■ TASK OBJECTIVE
The lines below should be written out again in full, exactly as they are.

*** Opening DATA ***

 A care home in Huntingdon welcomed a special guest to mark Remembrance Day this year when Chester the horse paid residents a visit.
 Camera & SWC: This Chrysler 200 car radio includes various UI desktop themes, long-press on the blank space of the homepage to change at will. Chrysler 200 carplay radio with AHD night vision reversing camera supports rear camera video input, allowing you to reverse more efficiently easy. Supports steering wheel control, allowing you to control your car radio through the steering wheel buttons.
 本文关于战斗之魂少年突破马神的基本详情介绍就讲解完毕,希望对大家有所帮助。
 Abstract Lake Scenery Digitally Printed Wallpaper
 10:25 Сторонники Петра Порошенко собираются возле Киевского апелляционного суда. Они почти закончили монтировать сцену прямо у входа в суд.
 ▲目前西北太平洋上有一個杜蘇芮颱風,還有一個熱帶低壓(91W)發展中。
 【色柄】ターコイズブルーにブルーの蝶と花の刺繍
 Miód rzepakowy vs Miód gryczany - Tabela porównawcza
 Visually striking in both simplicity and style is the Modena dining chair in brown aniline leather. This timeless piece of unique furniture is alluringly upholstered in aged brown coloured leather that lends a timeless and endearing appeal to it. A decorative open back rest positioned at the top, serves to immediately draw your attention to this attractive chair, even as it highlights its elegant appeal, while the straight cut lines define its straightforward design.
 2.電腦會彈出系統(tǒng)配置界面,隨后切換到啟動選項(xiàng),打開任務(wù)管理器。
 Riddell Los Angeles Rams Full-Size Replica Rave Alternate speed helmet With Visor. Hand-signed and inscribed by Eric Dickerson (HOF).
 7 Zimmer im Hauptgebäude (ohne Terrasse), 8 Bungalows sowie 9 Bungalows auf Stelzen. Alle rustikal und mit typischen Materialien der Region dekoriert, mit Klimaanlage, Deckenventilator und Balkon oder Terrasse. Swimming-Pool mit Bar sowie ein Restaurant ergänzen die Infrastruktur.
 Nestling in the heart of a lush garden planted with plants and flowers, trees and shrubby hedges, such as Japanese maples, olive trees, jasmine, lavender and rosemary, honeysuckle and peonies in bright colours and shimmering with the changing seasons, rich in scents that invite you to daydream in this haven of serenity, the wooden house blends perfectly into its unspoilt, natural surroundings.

*** Closing DATA ***

■ ANSWER AREA
 A care home in Huntingdon welcomed a special guest to mark Remembrance Day this year when Chester the horse paid residents a visit.
 Camera & SWC: This Chrysler 200 car radio includes various UI desktop themes, long-press on the blank space of the homepage to change at will. Chrysler 200 carplay radio with AHD night vision reversing camera supports rear camera video input, allowing you to reverse more efficiently easy. Supports steering wheel control, allowing you to control your car radio through the steering wheel buttons.
 本文关于战斗之魂少年突破马神的基本详情介绍就讲解完毕,希望对大家有所帮助。
 Abstract Lake Scenery Digitally Printed Wallpaper
 10:25 Сторонники Петра Порошенко собираются возле Киевского апелляционного суда. Они почти закончили монтировать сцену прямо у входа в суд.
 ▲目前西北太平洋上有一個杜蘇芮颱風,還有一個熱帶低壓(91W)發展中。
 【色柄】ターコイズブルーにブルーの蝶と花の刺繍
 Miód rzepakowy vs Miód gryczany - Tabela porównawcza
 Visually striking in both simplicity and style is the Modena dining chair in brown aniline leather. This timeless piece of unique furniture is alluringly upholstered in aged brown coloured leather that lends a timeless and endearing appeal to it. A decorative open back rest positioned at the top, serves to immediately draw your attention to this attractive chair, even as it highlights its elegant appeal, while the straight cut lines define its straightforward design.
 2.電腦會彈出系統(tǒng)配置界面,隨后切換到啟動選項(xiàng),打開任務(wù)管理器。
 Riddell Los Angeles Rams Full-Size Replica Rave Alternate speed helmet With Visor. Hand-signed and inscribed by Eric Dickerson (HOF).
 7 Zimmer im Hauptgebäude (ohne Terrasse), 8 Bungalows sowie 9 Bungalows auf Stelzen. Alle rustikal und mit typischen Materialien der Region dekoriert, mit Klimaanlage, Deckenventilator und Balkon oder Terrasse. Swimming-Pool mit Bar sowie ein Restaurant ergänzen die Infrastruktur.
 Nestling in the heart of a lush garden planted with plants and flowers, trees and shrubby hedges, such as Japanese maples, olive trees, jasmine, lavender and rosemary, honeysuckle and peonies in bright colours and shimmering with the changing seasons, rich in scents that invite you to daydream in this haven of serenity, the wooden house blends perfectly into its unspoilt, natural surroundings.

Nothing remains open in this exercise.